NLTK Chatbot Tutorial

NLTK Chatbot Tutorial

Introduction

        As Machine Learning and Artificial Intelligence are getting popular day by day, chatbots are getting popular too. I am writing a 2 part tutorial to show you as to how you can build chatbots both simple and complex. This post is the Part 1 tutorial.

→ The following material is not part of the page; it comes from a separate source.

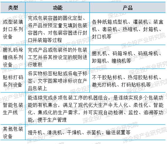 食品包裝機(jī)械包含了食品加工制造機(jī)械和包裝設(shè)備,其中食品機(jī)械主要可分為液態(tài)包裝及乳制品裝備、釀酒裝備、肉類加工裝備、飲料裝備、烘焙糖制品裝備、調(diào)味品裝備、食品安全檢測(cè)裝備等類別。包裝是商品進(jìn)入流通領(lǐng)域的必要條件,而包裝設(shè)備是實(shí)現(xiàn)產(chǎn)品包裝的主要手段。按照工序劃分,包裝設(shè)備可以劃分為成型裝填封口系列設(shè)備、捆扎碼垛纏繞系列設(shè)備、貼標(biāo)打碼系列設(shè)備、智能包裝生產(chǎn)線及其他設(shè)備五類,如下表所示。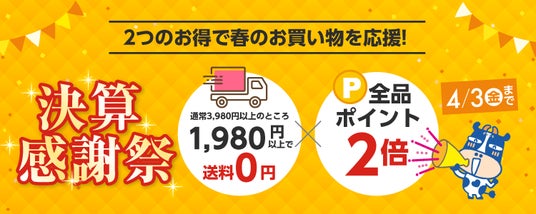 1,980円で送料0円&全品ポイント2倍!ご家庭向け通販サイト「ココデカウ」が『決算感謝祭』を4月3日まで開催

Let start with the basics in this tutorial. Natural Language Toolkit (NLTK) is one of the basic things that you need to know to build chatbots as per your requirements.

NLP

        Natural-language processing (NLP) is an area of computer science and artificial intelligence concerned with the interactions between computers and human (natural) languages, in particular how to program computers to fruitfully process large amounts of natural language data.

NLTK

        NLTK stands for Natural Language Toolkit and is a suite of open source Python modules, data sets, and tutorials supporting research and development in Natural Language Processing (NLP). To know more about NLTK please check: NLTK Website.

Requirements to Run the Application:

1. Anaconda
2. Intellij IDE with Python Community Edition Plugin

 Anaconda bundles up Python installation and the most widely used Python libraries for your machine.  If Anaconda is not installed, then Python needs to be installed separately and the individual Python libraries need to be downloaded using the pip install command which would be very time consuming. Hence Anaconda should be setup on your machine. To setup and verify if Anaconda is installed, please refer to my post on: Anaconda Setup.

After installing Anaconda, in Anaconda Prompt, use the following command to install NLTK:
conda install nltk

The chatbot built in this tutorial is based on NLTK Chatbot Examples. In this tutorial I will help you to build a Basic NLTK Chatbot in a few simple steps.

Step 1: Create file: alpha.py

I have named my chatbot as Alpha. In alpha.py, we will be setting up the NLTK chatbot.

Here is alpha.py:
from __future__ import print_function
from nltk.chat.util import Chat, reflections

pairs = (
    (r'quit',
     ( "Thank you. It was good talking to you.",
       "Good-bye.")),

    (r'Who are you(.*)',
     ( "My name is Alpha.",
       "I'm Alpha.")),

    (r'What is your name(.*)',
     ( "My name is Alpha.",
       "I'm Alpha.")),

    (r'What do you do(.*)',
     ( "I speak my mind out.",
       "I chat.",
       "I like making friends.")),

    (r'Then(.*)',
     ( "Nothing special. You tell me.",
       "What else?",
       "Nothing from me. What about you?")),

    (r'How are you(.*)',
     ( "I am fine. Thank You. How are you?",
       "I am fine. How about you?",
       "Fine. Thank You. How about you?")),

    (r'Hi(.*)',
     ( "Hi!!! What is your name?",
       "Hello.",
       "Hi. Great to meet you.")),

    (r'My name is (.*)',
     ( "Hi %1!!!",
       "Hello %1.",
       "Hi %1. Great to meet you.")),

    (r'You tell me(.*)',
     ( "What?",
       "Tell me about yourself.",
       "WHat do you do?")),

    (r'What else(.*)',
     ( "Nothing special. You tell me.",
       "Nothing from me. What about you?")),

    (r'I need (.*)',
     ( "Why do you need %1?",
       "Why?",
       "Are you sure?")),

    (r'How (.*)',
     ( "I am not aure.",
       "I'm not sure. What do you think?",
       "Sorry, I don't know.")),

    (r'Hello(.*)',
     ( "Hi... How are you today?",
       "Hello, How are you?")),

    (r'Yes',
     ( "You seem certain.",
       "Alright")),

    (r'My (.*)',
     ( "I see, your %1.",
       "Oh ok.")),

    (r'(.*)\?',
     ( "Why do you ask that?",
       "I am not sure.",
       "I do not know the answer to your question")),

    (r'(.*) (happy|cheerful|glad|good)',
     ( "%1 %2",
       "%1 %2")),

    (r'(.*)',
     ( "Alright.",
       "I see.",
       "Very interesting."))
)

alpha_chatbot = Chat(pairs, reflections)

def alpha_chat():
    print("Alpha\n---------")
    print("You can talk to me by typing in English.")
    print('Enter "quit" to Quit.')
    print('='*72)
    print("Hello. My name is Alpha. Tell me something about yourself..")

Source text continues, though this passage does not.